Label intoleran tak menyurutkan langkahnya, ia terus mengomandoi pengikutnya dari jauh. Membangun berbagai narasi yang politis berbungkus agama.
Istilah-istilah agama atau tepatnya istilah Arab ia gunakan agar narasi yang dibangun terkesan sangat Islami.
Meskipun kemudian Prabowo kalah dan selanjutnya bergabung  dengan Jokowi.Â
Nama Rizieq tetap moncer, limpahan pendukung Prabowo yang kecewa dengan pilihan politik Prabowo yang bergabung dengan Jokowi, membuat FPI kebanjiran anggota dan simpatisan baru.
Langkah lain yang cukup cerdik dari Rizieq adalah melembagakan aksi 212 dengan merk dagang Alumni 212.
Secara emosional ini menjadi sebuah ikatan, yang terus memelihara kesetian para peserta aksi demo bela Al Maidah untuk mengikuti Rizieq Shihab.
Merk dagang ini lah yang kemudian menjadikan posisi tawar Rizieq di kancah perpolitikan nasional melambung tinggi, walaupun ia tak berada di Tanah Air.

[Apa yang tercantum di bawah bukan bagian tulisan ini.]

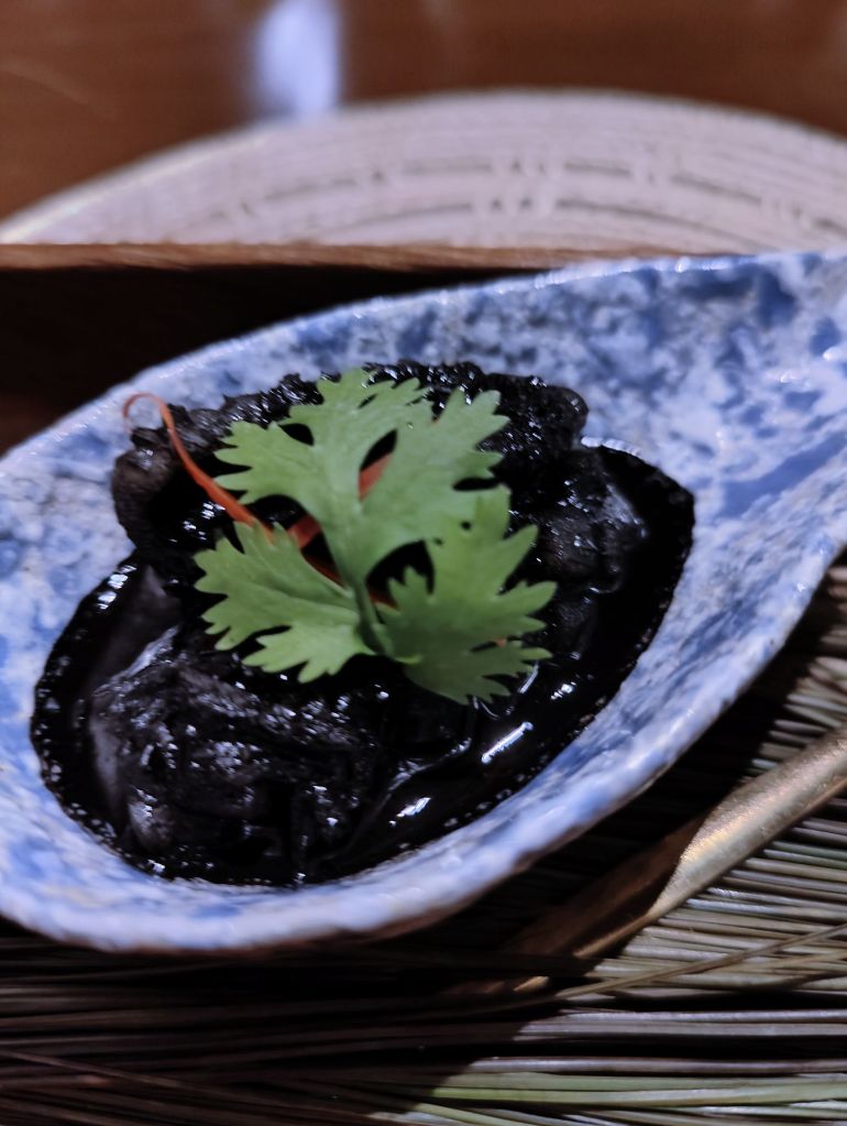 First, is the really good Plum Wine that I had while waiting for my friend to arrive, stuck in traffic for some time. I had the mistake to ask Chef Black who hovered around like a skilled party host if it was good. It’s his wine. So, the discussion was over right away. But it was really good, topped with soda and an ice ball. It was so good that my friend and I ended up buying a bottle each to take home. Like this.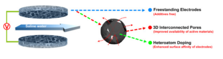 Figure 4.使用F-N-GPM樣品作為獨立電極的CDI系統(tǒng)示意圖。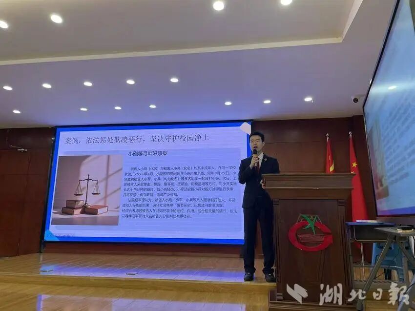 校园欺凌是青少年成长路上的 “绊脚石”,为帮孩子们认清欺凌、学会自保,近日,黄石港区人民法院法官助理、广场路小学法治副校长黄映,带着 “拒绝校园欺凌,守护少年的你” 的主题,为全校师生带来了一场既接地气又有深度的科普宣讲,为孩子们的成长筑牢一道 “反欺凌” 的安全屏障。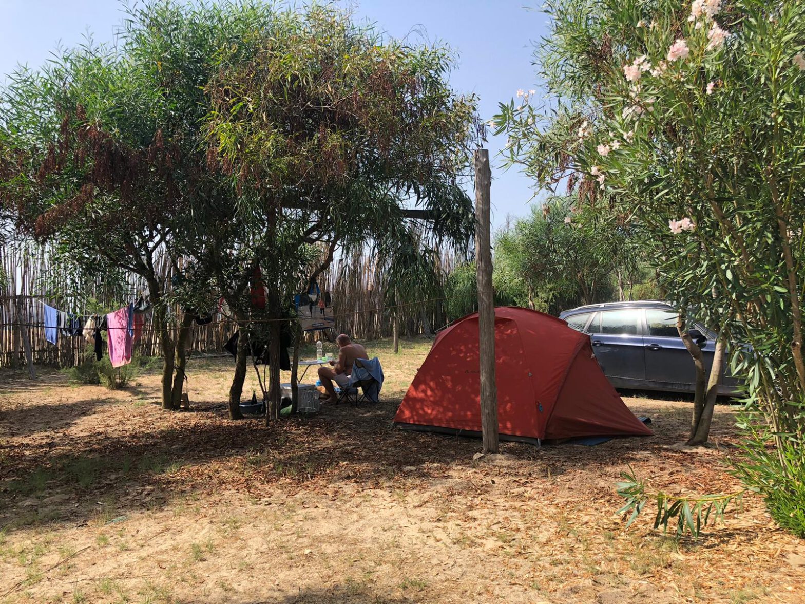 Schon das Begrüßungskomitee ist einzigartig: an mit blühenden Oleanderbüschen dicht gesäumter Straße stehen hinter dem Directione-Gebäude 3 Stühle am Staßenrand, besetzt mit 3 ItalienerInnen, sie repräsentieren kummuliert vielleicht so irgendwo zwischen 210 und 300 Jahren Lebenszeit. Er sitzt regungslos mit dem strengen Blick längst begonnener Demenz in seinem Stuhl, die beiden Damen, korpulent und freundlich, erwidern unsere Begrüßung lächelnd und winkend. Dieser Platz ist dem legendären Shangri La nicht unähnlich – ein idealer Ort der Ruhe und der Kontemplation, ein Platz, der auch etwas von einem in Vergessenheit geratenem Schloß hat: Wuchernde Vegetation, gerade noch funktionierende Ausstattung, die Camping Area ist seit Jahren verlassen bzw. fast leer: ein Wohnwagen mit sehr netten Italienern und ein Paar aus Jena mit unserem Reisekonzept (BMW und kleines Zelt) für eine Nacht – die kennen sich aus und sind nicht aus Zufall hier. Ein herrlicher, leerer Strand mit mit ein paar bereitgestellten Sonnenschirmen und Stühlen und einem spektakulären Sonnenuntergang.
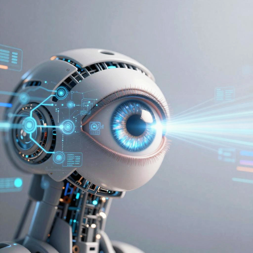 Free visual AI concept art featuring an advanced robotic eye emitting digital light beams, surrounded by intricate neural network patterns and abstract data visuals, set against a gradient background with tech motifs and glowing circuit elements.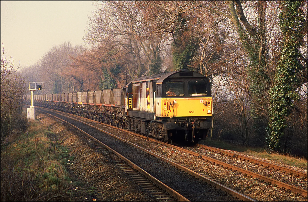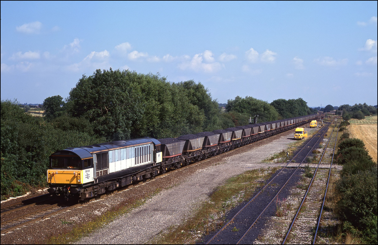 In 1994 it was rare to see anything other than a 58 on MGR traffic to Rugeley Power Station. 58009 is the subject of this study at Catholme as it awaits the right of way to turn right at Wichnor junction and head along the freight-only line to Lichfield Trent

Agar eksistensinya tetap terpelihara, Rizieq dibantu sejumlah sekondannya seperti Syamsul Maarif, Bachtiar Nassir, Yusuf Martak, Â dan beberapa lainnya kerap melakukan aksi unjuk rasa apapun yang sifatnya menentang pemerintah, tak peduli apapun topiknya.
Rizieq sesekali nongol lewat video call yang disiarkan secara langsung dihadapan para pendukungnya.
Berbagai pendekatan komunikasi yang dilakukan oleh Rizieq Shihab dan kawan-kawan kemudian membuat media terbawa arus pragmatis yang diinginkan oleh mereka.
Nama Rizieq terus berada dipermukaan untuk diperbincangkan, bagaimana ia membangun narasi kabar kepulangannya menjadi santapan media meskipun 6 kali kabar Rizieq pulang tak jadi nyata.
Baru kali ke 7 kabar Rizieq pulang nyata adanya, hal ini akhirnya mampu membangkitkan euforia bagi para pengikutnya.